An organisation representing firms behind more than 500 sites, from shops to hair salons, has urged the Government to extend a ban on business evictions as concerns mount over how some £6 billion of rent bills will be settled.
The plea from the Commercial Tenants Association (CTA) comes ahead of a moratorium on evictions finishing at the end of June.
It joins a chorus of voices sounding the alarm over the deadline. It is estimated there is some £6 billion of unpaid rent bills since the start of the pandemic, although part of that has already been written off by landlords.
The CTA wants an extension to the end of the year, and warned it will take a “significant” amount of time for many firms to recover.
While some occupiers agreed rent holidays or deferrals with landlords, a number have not and are worried they will not be able to pay outstanding rent, after suffering months of closures.
The CTA’s boss Peter Bell has written to Robert Jenrick, the Secretary of State for Housing, Communities and Local Government, to voice concerns.

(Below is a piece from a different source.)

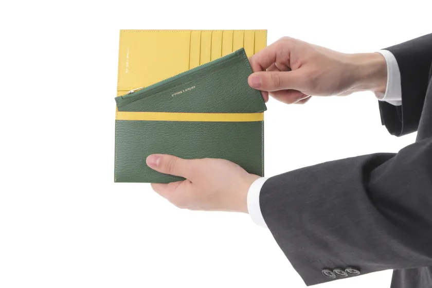セパレート型ウォレットは、見た目よりも大容量(お札20枚・カード10枚・小銭入れも十分収納)。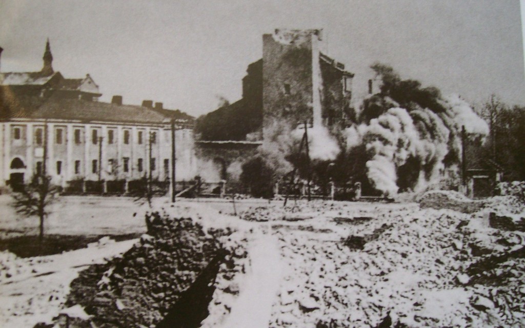Overall, 380 bombs fell on Wieluń, weighing a total of 46 tons. The first ones hit the All-Saints Hospital. 32 people died there – patients and staff. These were the first victims of the German air raids during World War II. The next target was the oldest parish church in Wieluń, St. Michael the Archangel, built in the beginning of the 14th Century. The Piarist building was the only surviving structure on the old square.

In the letter, seen by the Standard, Bell said: “Tenants have substantial commitments across their businesses in addition to those due to landlords.” He pointed to full staff costs subsequent to the removal of the furlough scheme and Covid loans.
He added: “Prioritising payments to landlords will not help businesses recover lost trade and protect jobs.”
The association believes the starting point for tenant and landlord talks should be a 50% write-off of leasehold debt incurred during the pandemic.
A ministry spokesperson said: “The Government is considering responses to a call for evidence on commercial rents and how to best to support businesses; an announcement on next steps will be made in due course.”
Tenants have substantial commitments across their businesses in addition to those due to landlords
Peter Bell, the Commercial Tenants Association
Yesterday the CBI proposed the hardest hit sectors should continue to be protected for a further six months. Capacity remains restricted for pubs and restaurants as they stay limited to table service.